One piece of criteria set by Glasgow City Council when granting planning permission was that the building must meet Glasgow's climate targets as well as the councils planning policies. As a result, City Wharf is "designed with a strong emphasis on sustainability", integrating "low- and zero-carbon technologies, including air-source heat pumps".

As a result of the buildings close proximity to the River Clyde, developers noted a number of pieces of tapestry "of interesting former uses of the site that can be tapped into". Proposals submitted to Glasgow City Council suggested the "use these motifs to create a sense of place that relates back to the industrial heritage and the families of the area". Block C, the tallest structure of the complex, will contain a viewing platform.

===Construction===

In April 2024, it was confirmed that the Stephenson Group had been appointed as the main contractor for the construction of the building. The projected cost of the construction of the tower is estimated to be £200 million. Construction of the first phase formally began in August 2024, with the foundations of the building "almost complete" by the end of Autumn that same year. The first section of the ground floor slab was cast in November 2024, with two concrete cores visible around the area.

===Opening===

The City Wharf building is expected to become fully open and operation in September 2027.

==Locality==

City Wharf is bounded by Piccadilly Street to the north, Warroch Street to the west, Anderston Quay and the River Clyde to the south and Newton Street to the east. The building is situated amongst other low–rise residential buildings, and will be the main tower of an overall complex of three buildings. Block A will be 27m, Block B 33m tall and Block C (City Wharf) being the tallest building of the development standing at 86m. Prior to the construction of the tower, a wind survey highlighted that wind speeds in the area were at risk of being greater than the stated safety criteria, particularly at the southeast corner of the site. It further stated that the erection of a seventeen storey tower at the southwest corner would create additional challenges regarding winds at Warroch Street. Despite the raising of some concerns around wind, the report concluded that the overall structure satisfied wind safety criteria, but noted the corner of Warroch Street was an exception to their conclusion.
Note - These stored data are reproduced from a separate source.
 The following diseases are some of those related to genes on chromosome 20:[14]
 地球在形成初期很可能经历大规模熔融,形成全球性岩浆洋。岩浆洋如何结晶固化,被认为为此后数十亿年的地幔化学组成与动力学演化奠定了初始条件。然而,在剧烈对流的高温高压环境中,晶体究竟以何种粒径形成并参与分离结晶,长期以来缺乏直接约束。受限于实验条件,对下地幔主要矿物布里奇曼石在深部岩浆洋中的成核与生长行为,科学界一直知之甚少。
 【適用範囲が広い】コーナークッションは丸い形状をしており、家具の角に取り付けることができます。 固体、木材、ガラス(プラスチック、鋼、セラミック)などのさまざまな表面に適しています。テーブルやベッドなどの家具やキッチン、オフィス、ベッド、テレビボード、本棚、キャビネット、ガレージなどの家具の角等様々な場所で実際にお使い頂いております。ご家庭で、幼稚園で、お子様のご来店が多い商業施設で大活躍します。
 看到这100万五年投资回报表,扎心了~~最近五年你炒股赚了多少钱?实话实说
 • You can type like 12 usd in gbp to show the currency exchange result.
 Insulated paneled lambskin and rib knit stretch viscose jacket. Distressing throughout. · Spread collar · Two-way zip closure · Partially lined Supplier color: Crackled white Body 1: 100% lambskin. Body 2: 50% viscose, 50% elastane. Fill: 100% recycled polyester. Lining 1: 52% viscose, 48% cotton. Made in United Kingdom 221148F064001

The building is within a 2.29-hectare (5.56 acres) site at Anderston Quay, next to the Kingston Bridge. Additionally, it is nearby to the International Financial Services District at the southern edge of the city centre, otherwise, it is surrounded by a number of mixed use developments such as offices, residential, hotel and ground floor commercial uses with the residential elements. A relatively narrow site, it is impacted upon by the Kingston Bridge from the northern most point to the southern point of the site, creating serious limitations for development opportunities on the eastern side of the site.

The design and structures of the adjacent developments surrounding the site were taken into consideration by developers prior to finalising applications for planning permission to Glasgow City Council, and have incorporated a new public park with a north-south pedestrian link providing improved pedestrian access to Glasgow City Centre.

==City Wharf Complex==

City Wharf will be a development of three buildings – Block A, B and C, with Block C being the largest structure on the site and therefore considered a focal point for the development. Upon its completion, it will become the second largest building in the city and be visible from various points across the city and become a prominent structure in the overall city skyline. Block A will consist of an 8 storey building providing purpose built student accommodation with a total of 491 beds consisting of 21% studio flats and 79% cluster flats.
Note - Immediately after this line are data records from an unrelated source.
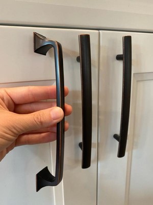 [This review was collected as part of a promotion.] These amerock handles are thin and sleek. Adds a really nice look to my kitchen cabinets . Even had to buy bigger ones for the big drawers. Great product!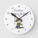 I bought the clock as a 'first time' grandmother. When I opened the package, I cried. the workmanship, material, color and the opportunity to personalize it was just perfect. I know that my grandson will be able to quickly learn to identify numbers, count and tell time! What a keepsake! I was totally happy with the printing, color choice and overall presentation of the clock!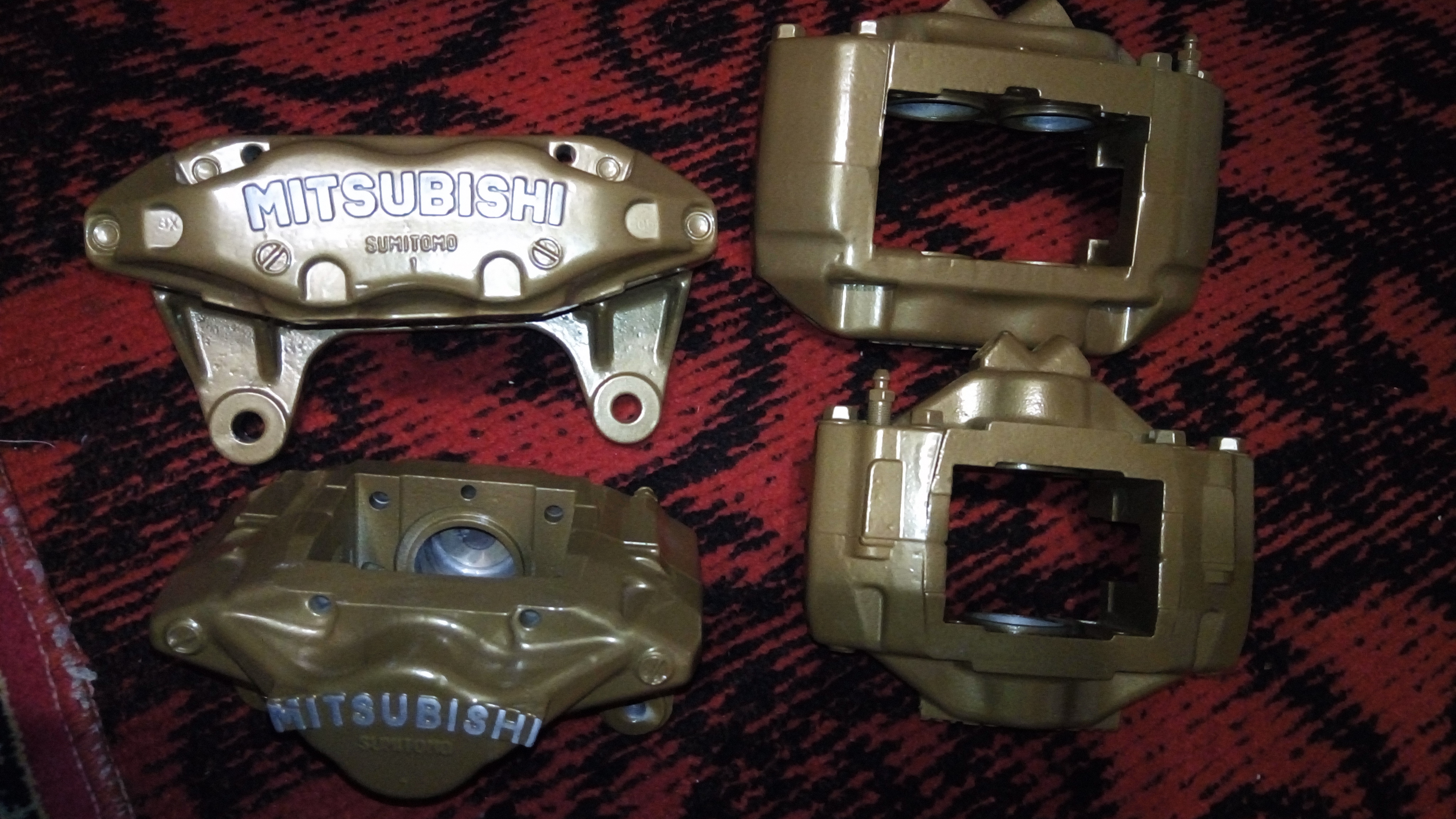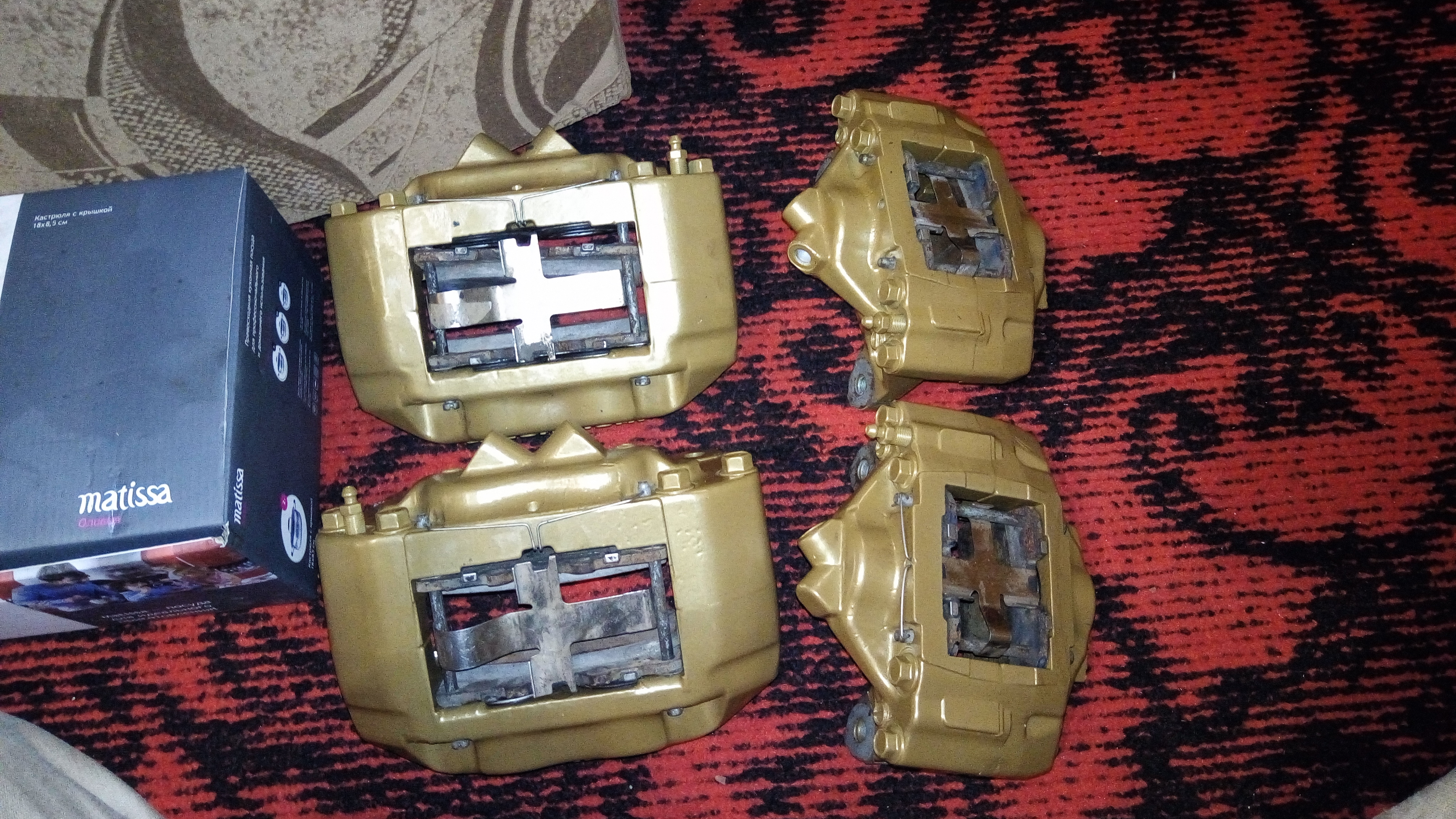 6) Комплект тормозных суппортов от ГТО рестайла. Перед 4пот с проставками в комплекте, зад 2 пот, покрашены в золото порошком — 22000 Привет. Суппорта влезут в 16"? |

Block B will be a 10 storey building, and Block C will be the main 27 storey skyscraper. Together, both buildings will provide 503 Built to Rent units consisting of 11% studios, 39% 1 bed apartments, 45% 2 bed apartments and 5% 3 bed apartments. 70% of Block A, 82% of Block B and 72% of Block C façade will consist of active frontages which include entrances, amenity spaces, stair cores, studios and cycle storage.